Za stołem:)
Mój ulubiony kącik:)
Jakiś czas temu kupiłam w Skoczowie w hurtowni dekupażu jak by go nazwac-transfer do aplikacji.Jest to coś w rodzaju dwustronnie klejonej flizeliny tylko na papierze.Papier firmy TODO.Fajna sprawa bo aplikacji nie musi się przyszywac,co mało wprawnym osóbkom nie zawsze wychodzi równo.Najpierw przyprasowuje się tkaninę na kawałku papieru,potem wycina motyw,a potem naprasowuje na tkaninę.Możliwości są ogromne,zależy od pomysłowości.Tak powstała mała podusia w róże.
Jeszcze parę słów o flamastrach do tkanin:)

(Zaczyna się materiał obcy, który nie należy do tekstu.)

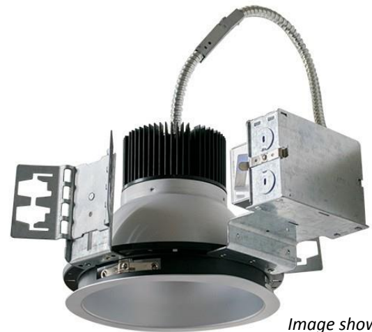
Image shown with trim & frame.

Strasznie fajna sprawa jak ktoś ma małe kreatywne dzieci.Kupujesz koszulkę za parę groszy a mały artysta maluje sobie flamastrami sam na niej to co chce.Potem zaprasowujesz po lewej stronie i gotowa niebanalna koszulka,która nadaje się normalnie do prania,a motyw się nie spiera.Ja wykorzystałam je do napisu na poduszce-ma belle i fioletowy-tu mieszka miłośc.Oczywiście kupiłam je właściwie do pasków na woreczki,ale woreczki niestety nie wyszły.Tzn-próbowałam przetransferowac wydruk za pomocą nitro na surówkę,ale nic nie wyszło.Surówka jest chyba za gruba i nawet maleńkiego śladu nie zostało,tak że muszę wymyślic coś innego:)

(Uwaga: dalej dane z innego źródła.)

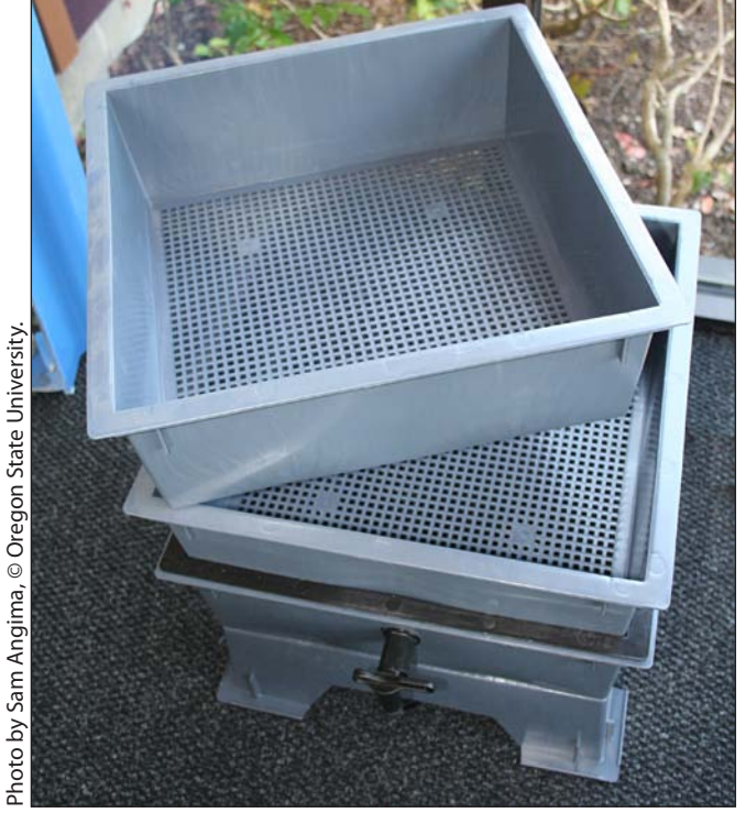
Figure 9. The trays in a stacking system are removable and have holes large enough to allow worms to move freely from one tray to the next.

A tu maleńki obraz na sztaludze.Mały dekupażyk:)
No i jeszcze bombka na szydełku.Wzór to małe różyczki.Wyszło ich 12 szt na bombkę wielkości 8cm.
Przede mną jeszcze dwie bombki i gwiazdki:)Tak sobie wymyślam na te święta:)
Pozdrawiam cieplutko wszystkich odwiedzających:)))
U Ciebie są tak piękne rzeczy że nie można oderwać oczu. :)
OdpowiedzUsuńBożenko wszystko śliczne, podusia różana, dama różana i jeszcze na dodatek bombki różane! ;)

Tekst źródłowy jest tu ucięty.